Grève dans l'industrie de la chaussure à Fougères en 1906

Elle habitait, au centre de la ville, un hôtel entouré d'un petit parc, tout enclos de murs eux mêmes surmontés de tessons de bouteilles, qu'on devinait admirable. On s'arrêtait sous ces murs, au mois de mai, à en respirer les parfums. Le frère de M. D..., et son associé, nous était mieux connu. C'était ce dompteur de chevaux et ce chasseur dont les voitures nous émerveillaient. Il. devait, dans la famille, représenter la Fantaisie. Autour de M. D... siégeaient une trentaine de patrons. Quelques uns très valables, le plus grand nombre bourgeois calculateurs et économes, habitués dès longtemps au profit sur le travail des autres, bons chrétiens sans remords et, selon leur compte, sans péchés, quelques parvenus récents aussi, qui avaient plus mauvaise conscience et se souvenaient encore assez bien de ce qu'était un centime pour savoir que, dans certains cas, leurs camarades de la veille seraient capables, pour lui, de se battre jusqu'à la mort, et qu'on leur faisait par suite un immense cadeau en le leur accordant.

En face de cette trentaine d'hommes unis par les intérêts, également savants sur les prix de revient, sur ce qu'on devait donner ou refuser pour que le profit fût sauf, retranchés dans leurs hautes maisons de la Grande‑Rue, sûrs, quoi qu'il advînt, d'avoir chaud et de manger, polis, corrects et bien‑disants (ils se plaignent amèrement, dans les documents, que leurs adversaires ne sachent pas même les formules de politesse, et ne manquent jamais, quant à eux, d'assurer les autres, au pire du combat, de leurs « sentiments distingués »), il y

 

 

avait une foule ignorante et passionnée.
Deux hommes la menaient et portaient toute la misère et tout l'espoir de huit mille ouvriers, hommes et femmes, qui leur avaient vraiment remis leur vie.

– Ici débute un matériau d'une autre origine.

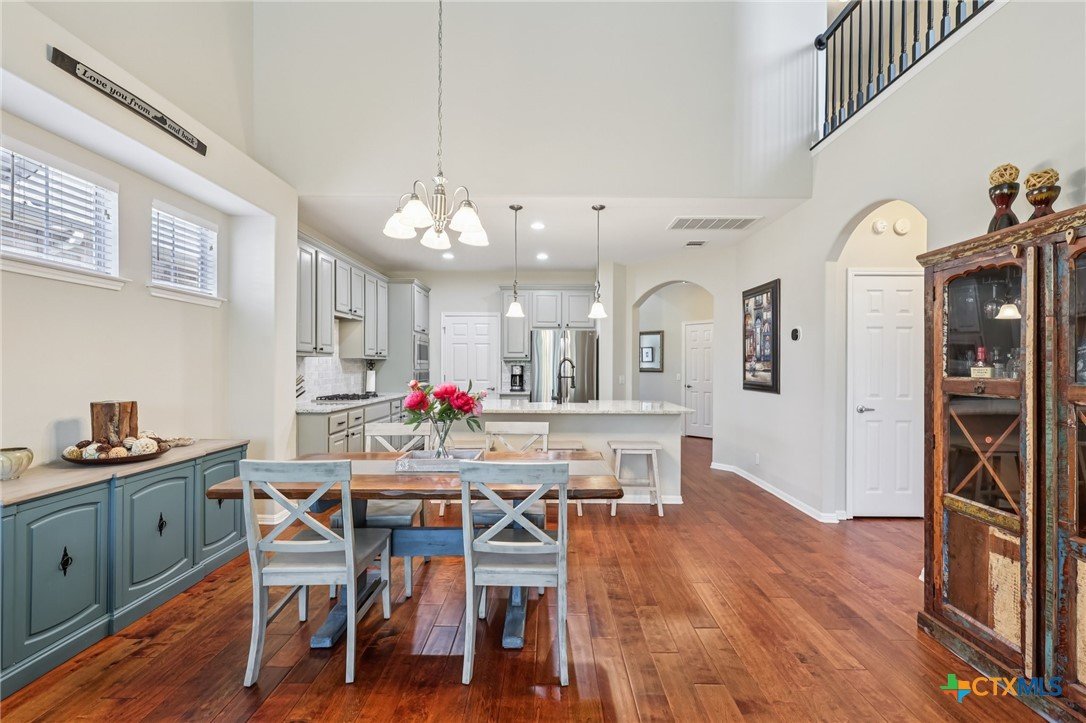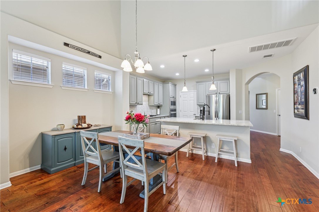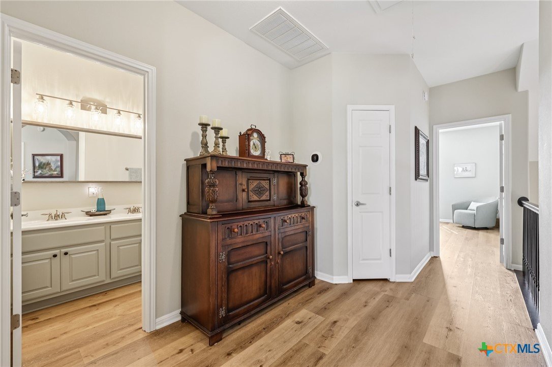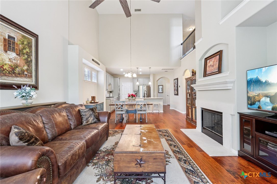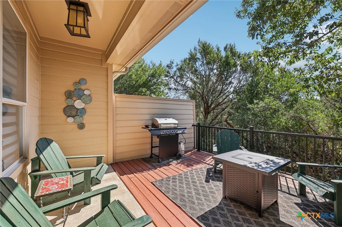 Elegant condo in the gated Sierra Vista community with soaring ceilings, abundant natural light, and beautiful wood and tile floors—no carpet. The open living and dining area features a cozy fireplace and graceful archways, while the updated kitchen offers newly installed quartz countertops, tile backsplash, and a farmhouse sink, like-new LG stainless steel appliances, and fresh finishes that give it a modern, polished look. The main-level primary suite boasts a spa-like bath with dual vanities, soaking tub, walk-in shower with privacy glass, and a custom walk-in closet. Upstairs includes two spacious bedrooms with walk-in closets, a flex room, an office, or even your own exercise room! Enjoy a private terraced porch overlooking a peaceful wooded greenbelt—perfect for relaxing or entertaining. Only one mile to Lantana Place with a movie theatre, restaurants, coffee, and more, and just 15 minutes to downtown Austin!
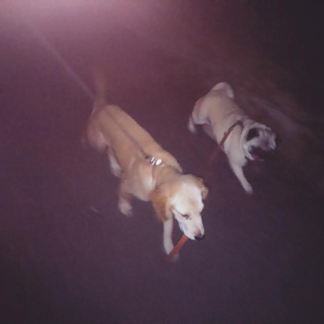 A hétvégére vigyázunk egy mopsz kutyusra, reggel én sétáltattam Marcit, Marci pedig Luca pórázát fogta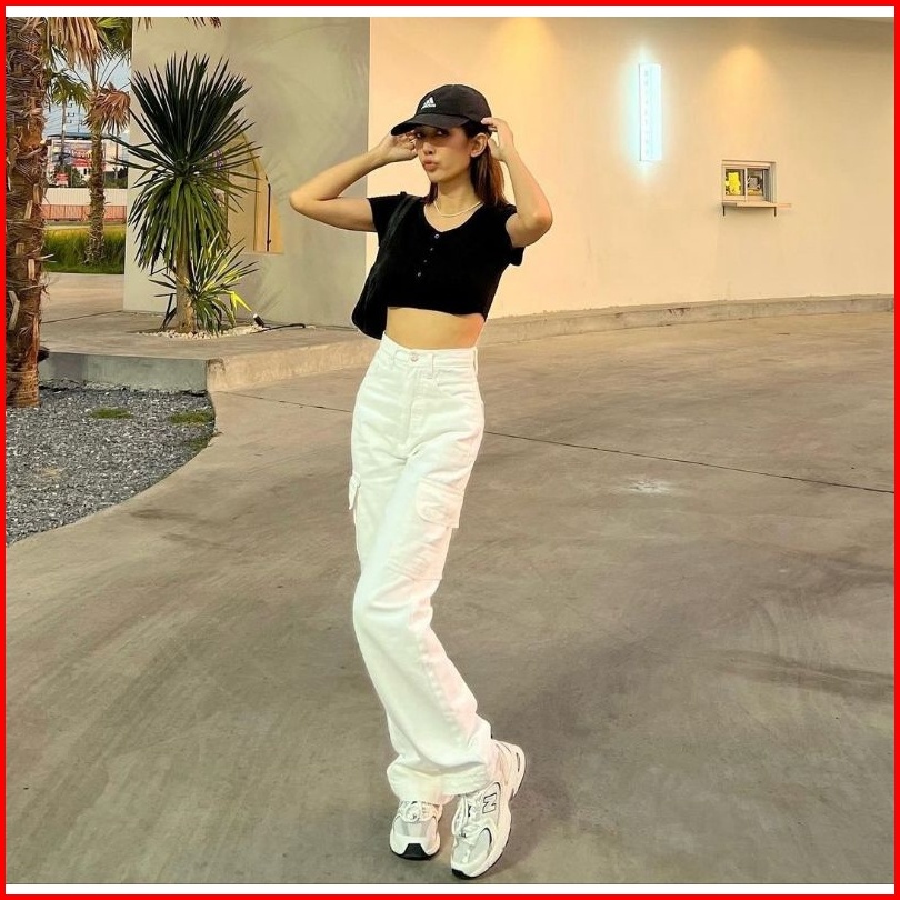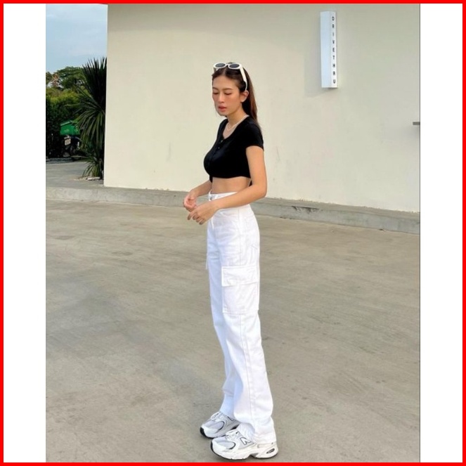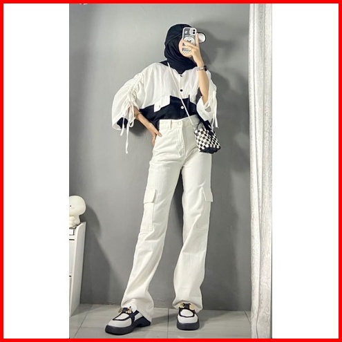 27-38 White Hw Cargo Loose Jeans Putih Hw Cargo Loose Jeans Celana Highwaist Cargo Loose Jeans Wanita Cewek

Le secrétaire du syndicat des coupeurs, F..., était un petit homme tout rond, vif et entêté. Il trottinait par la ville, toujours pressé, absorbé et impénétrable. C'était lui qui en dix ans avait donné à ce syndicat des coupeurs (c'est la catégorie des chaussonniers qui coupent les dessus de la chaussure, tiges, quartiers et claques, et c'est une spécialisation difficile), constitué séparément, sa cohésion et sa puissance. Il les avait rassemblés tous, presque sans exception, un à un, comme les fidèles d'une nouvelle Eglise. Le syndicat des cordon­niers était loin d'avoir la même solidité. Les paysans qui, à mesure que la place se dévelop­pait, étaient venus de la campagne s'embau­cher dans les usines, manquaient de qualifica­tion. La plupart gardaient leurs habitudes campagnardes et se méfiaient de la vie de groupe, de la discipline syndicale: Par suite le syndicat des cordonniers était pauvre, et ses caisses de combat à peu près vides.

Le secré­taire, M. G..., avait eu beaucoup de peine à ras­sembler ses ouailles. C'était un homme grand, un peu voûté, au visage ouvert mais gris et triste, une tête d'intellectuel, un haut front, des cheveux un peu longs, de ces moustaches fines et tombantes que, quelques années plus tard, je devais retrouver à M. Henri de Régnier, une large lavallière noire volant au vent.